Und dennoch passiert es vor allem vielen Hundebabys oder auch Hundekindern, dass doch in der Aufregung mal etwas daneben geht. Vor Freunde, vor Aufregung, vor Angst. Kennen Sie den Spruch: „Ich hab mir vor Angst fast in die Hose gemacht“? Die Beckenbodenmuskulatur und die Schließmuskeln funktionieren nicht mehr, das Streßhormon Adrenalin bewirkt, dass sich alle Schleusen öffnen. Auch bei langanhaltendem Streß sorgt das Hormon Cortisol dafür, dass Stubenreinheit vergessen wird. Und dies zeigt sich oft bei Hunden, die mit dem Alleinsein nicht zurechtkommen, weil sie zu früh, bzw. zu lange alleine gelassen wurden.
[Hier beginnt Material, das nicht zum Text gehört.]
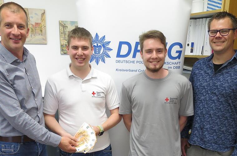 Die "Junge Polizei" der Deutschen Polizeigewerkschaft leistet einen Beitrag zur Anschaffung eines Patientensimulators der BRK-Bereitschaft Neustadt bei Coburg.

Dies kann sich zeigen durch langanhaltendes Bellen, Jaulen, Heulen, Weinen, aber auch durch das Zerstören von Gegenständen, um den Streß irgendwie zu kompensieren, als eben auch durch das Koten und Urinieren.
Aber niemals macht ein Hund so etwas, um seinem Menschen eins auszuwischen oder zu protestieren. Zu so komplexen Gedankengängen ist ein Hund nicht fähig. Das wäre ein üble Form der Vermenschlichung, einem Hund so etwas zu unterstellen. Er hat in dem Moment einfach nur Angst, oft sogar Todesangst.
Auch zur Begrüßung Ihres Menschen pi***ln Hunde oft unter sich, meist wenn sie in Rückenlage sind. Das ist ein submissives, also unterwürfiges Verhalten.
Streß ist ein häufiger Grund, wenn ein erwachsener Hund plötzlich wieder ins Haus macht. Hunde sind sehr sensible Tiere. Sie empfinden häufiger als Menschen die kleinsten Gegebenheiten als Streß. Überforderung, zu wenig Schlaf, eine Veränderung im Tagesablauf, ein Baby, ein neues Haustier oder zuviel Besuch können unter anderem ein Streßauslöser sein.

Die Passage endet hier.